Positively loaded microbiota in the salivary microbiome including Streptococcus australis / parasanguinis, Veillonella spp., Stomatobaculum spp., Prevotella sp., Alloprevotella tannerae, Oribacterium asaccharolyticum, Fusobacterium sp., and Rothia mucilaginosa were enriched in transfeminine participants and depleted in transmasculine participants. Conversely, negatively loaded microbiota including Prevotella spp., Haemophilus sp., Peptostreptococcus stomatis, Prevotella shahii, Peptostreptococcaceae sp., Ruminococcaceae sp., Alloprevotella sp., and two unclassified ASVs were enriched in transmasculine participants and depleted in transfeminine participants. The time mode loadings indicate that inter-subject differences due to GAHT was stable over time.

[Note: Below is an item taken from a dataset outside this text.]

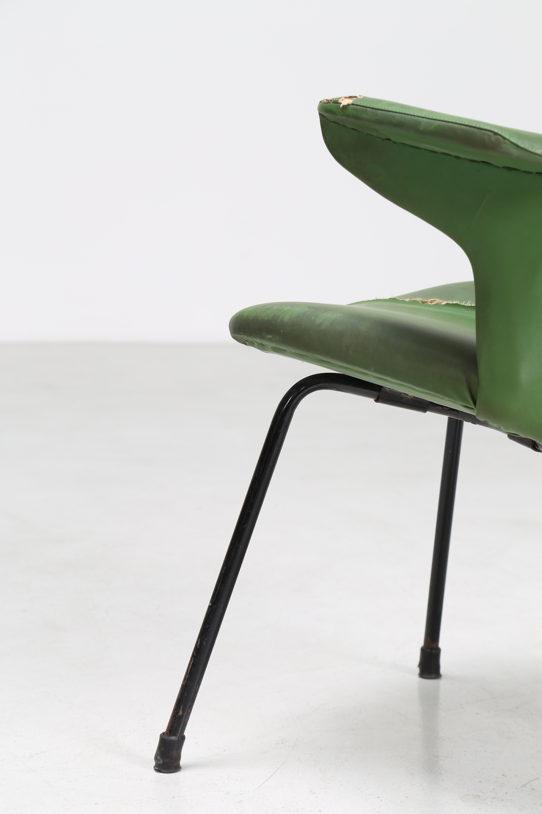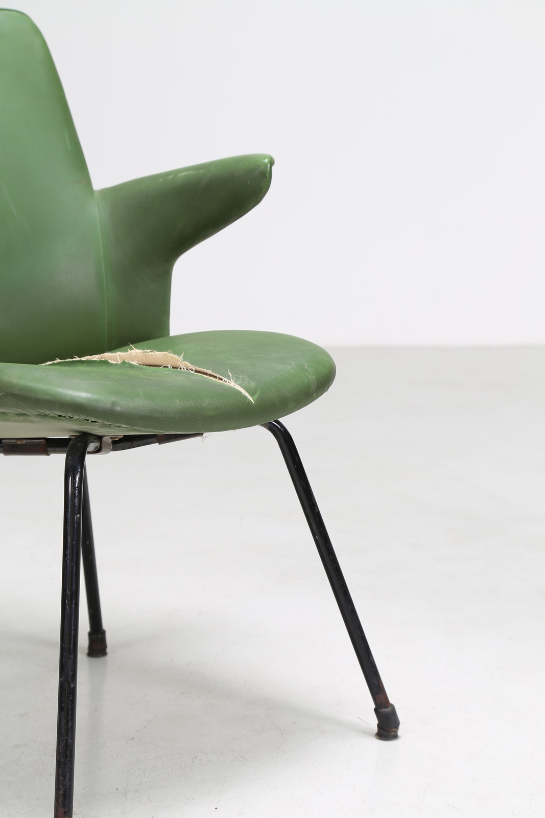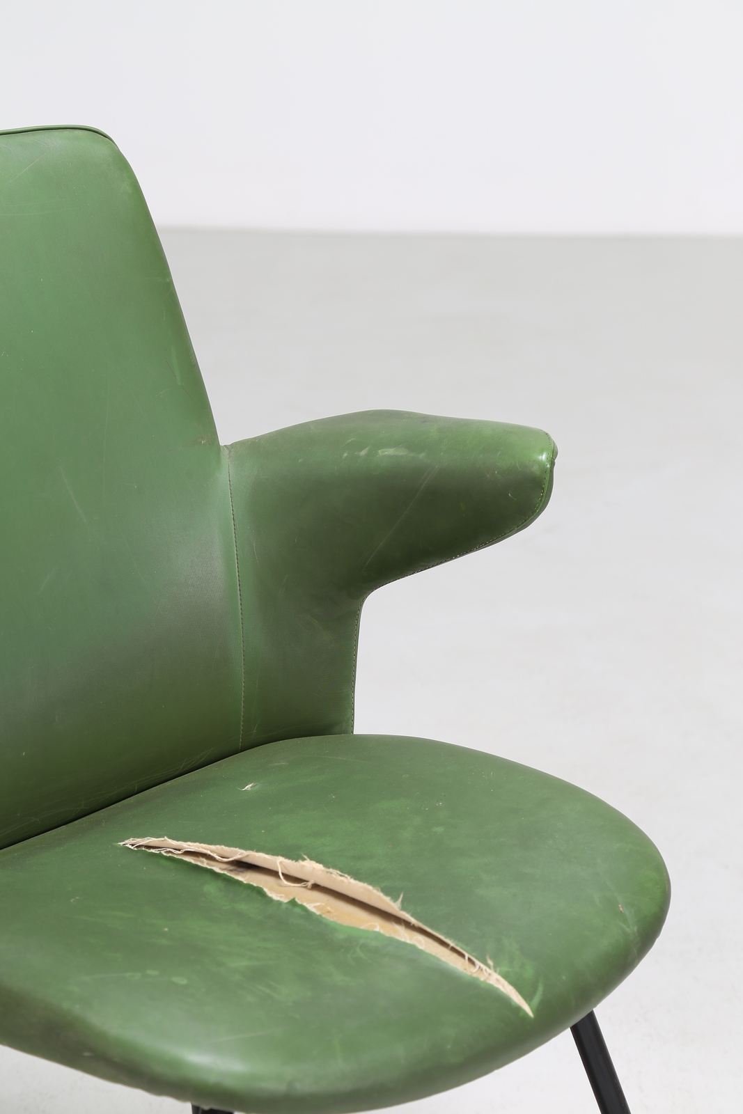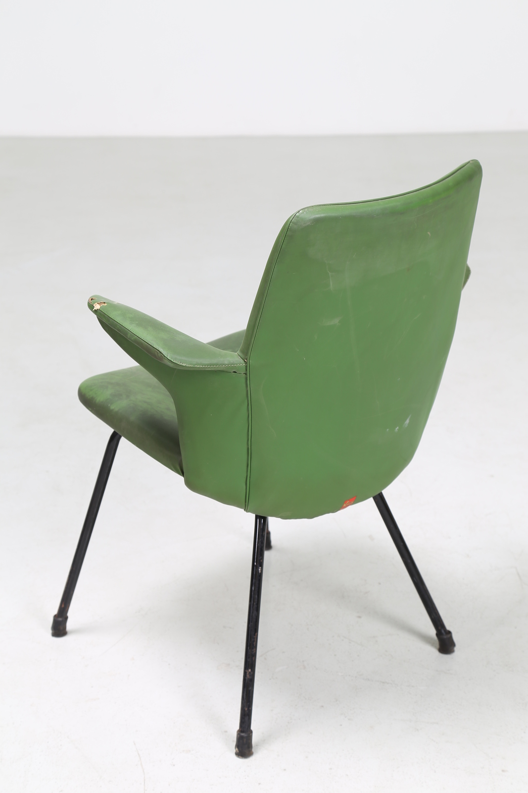 . . Cm 60,00 x 82,00 x 60,00. Pair of small armchairs with shell in multilayer sheet metal and covered with Pirelli and sky, for Rima 50s. Publication: Gastone Rinaldi Designer at Rima edited by Giuseppe and Jacopo Drago, page 177

Almost all salivary cytokines were positively loaded, indicating that they had higher levels in transfeminine participants and lower levels in transmasculine participants. The exception was IL-13, which had higher levels in transmasculine participants and lower levels in transfeminine participants. The time mode loadings indicate that inter-subject differences due to GAHT were absent at baseline and constant thereafter.
Total protein and lysozyme levels were positively loaded for the salivary biochemistry block, indicating higher levels in transfeminine participants and lower levels in transmasculine participants. pH, chitinase, S-IgA, MUC-5B, and amylase were negatively loaded, indicating higher levels in transmasculine participants and lower levels in transfeminine participants. The time mode loadings indicate that these differences mainly occurred after three months of GAHT.